Task directions: Print only the lines running from the line with "Screenshot of KNIME" to the final line below, both included, exactly as written and without the pictures.

Material for the task Block Start

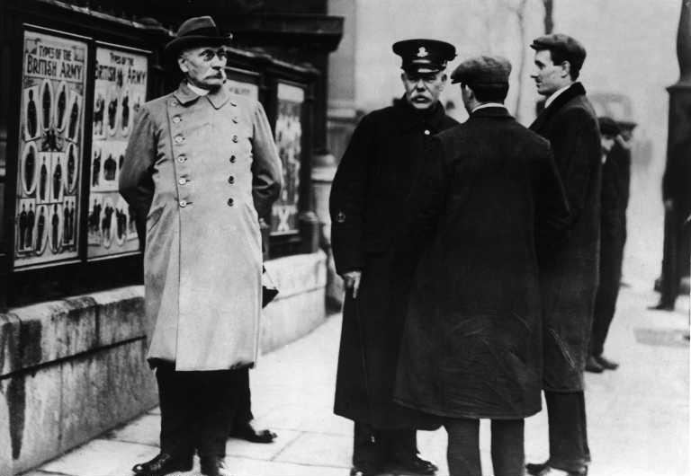 Wilhelm Voigt (1849-1922)
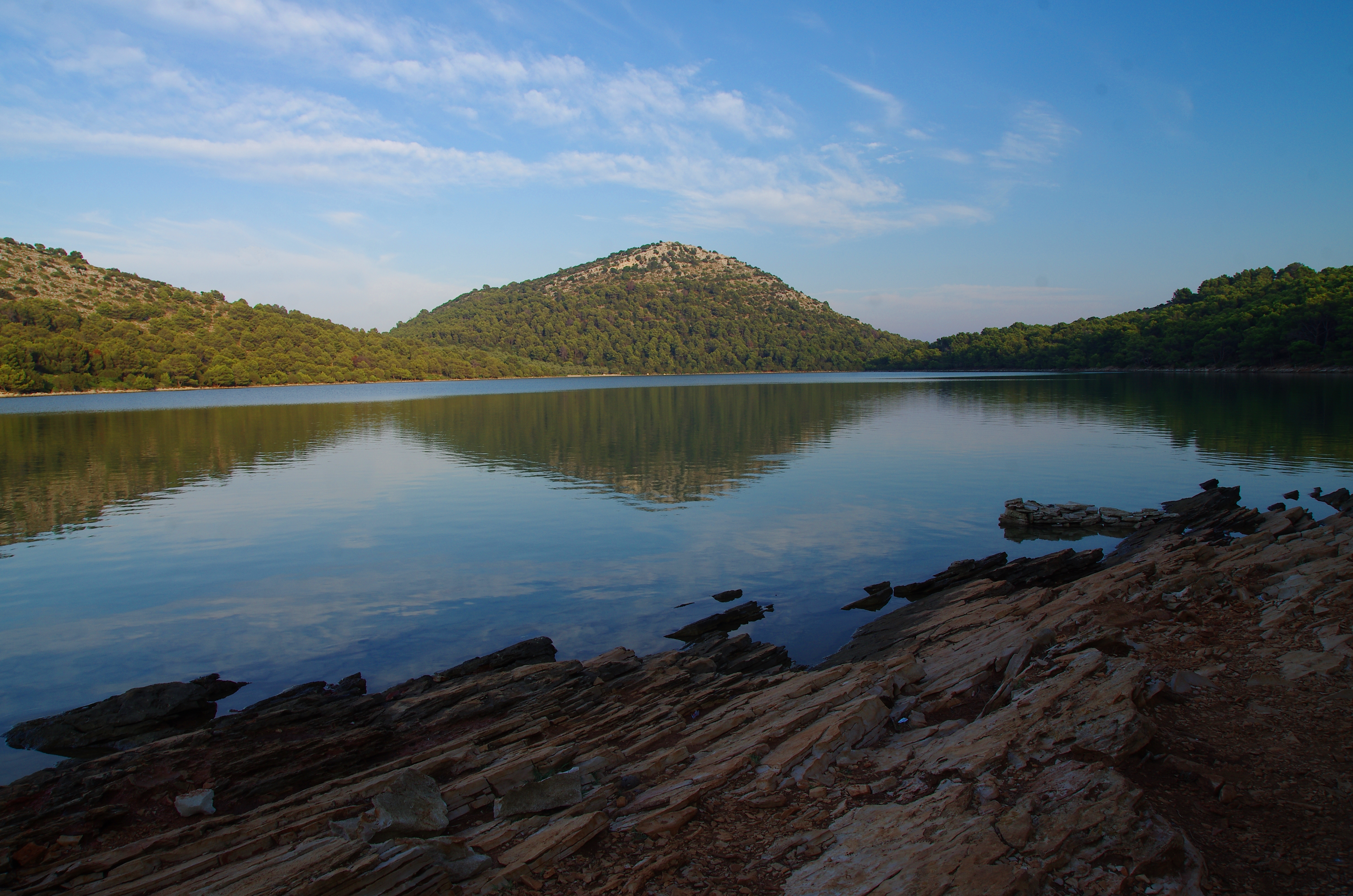 Salt lake Dugi Otok at sunset located in Croatia
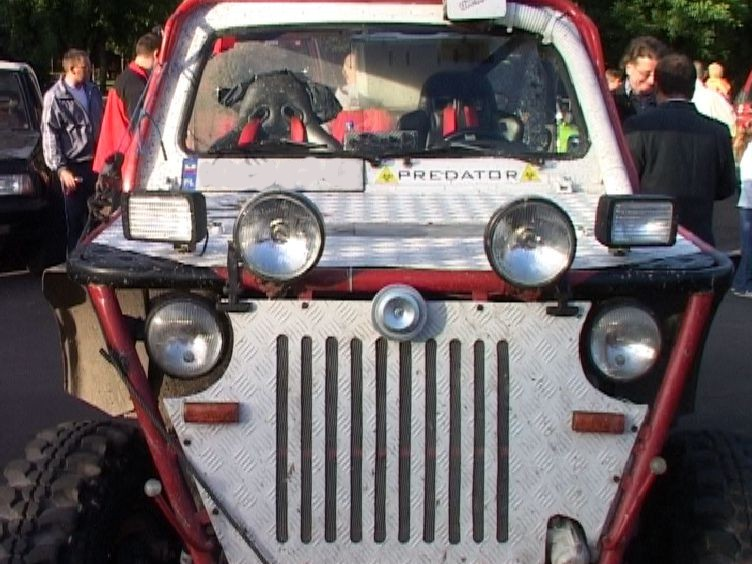 Off-road
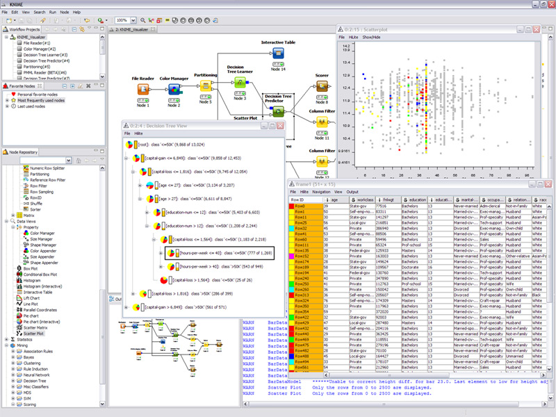 Screenshot of KNIME
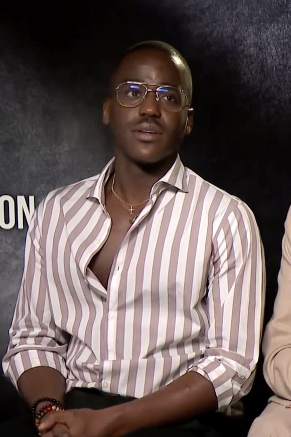 Ncuti Gatwa at an MTV International interview in January 2019
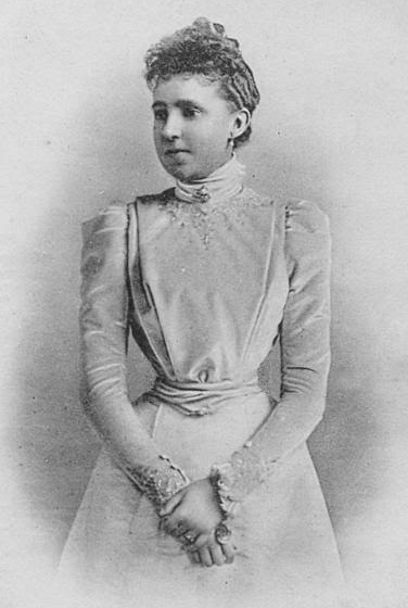 Mercedes of Spain, princess of Asturias, eldest daughter of King Alphonso XII.
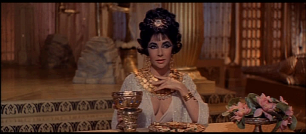 Cropped screenshot of Elizabeth Taylor from the trailer for the film Cleopatra.
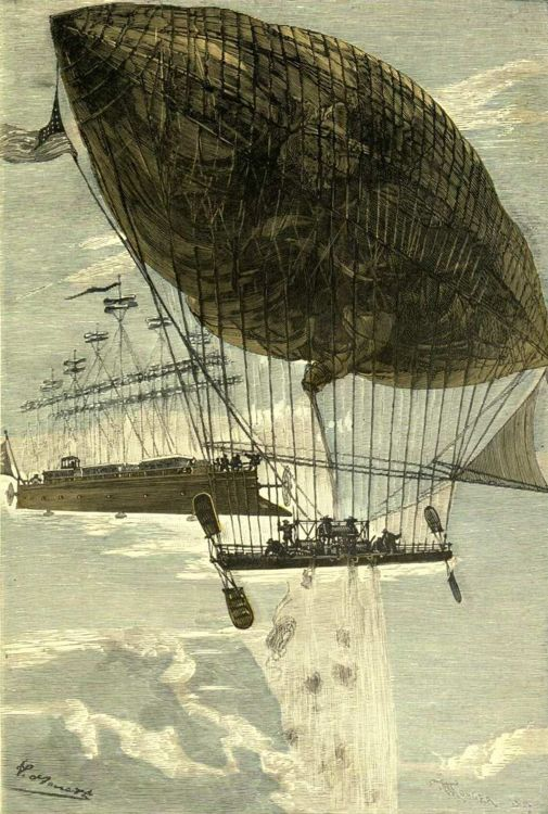 An illustration from Jules Verne's novel "Robur the Conqueror" drawn by Léon Benett.

Material for the task Block End

Reply to the task:
 Screenshot of KNIME
 Ncuti Gatwa at an MTV International interview in January 2019
 Mercedes of Spain, princess of Asturias, eldest daughter of King Alphonso XII.
 Cropped screenshot of Elizabeth Taylor from the trailer for the film Cleopatra.
 An illustration from Jules Verne's novel "Robur the Conqueror" drawn by Léon Benett.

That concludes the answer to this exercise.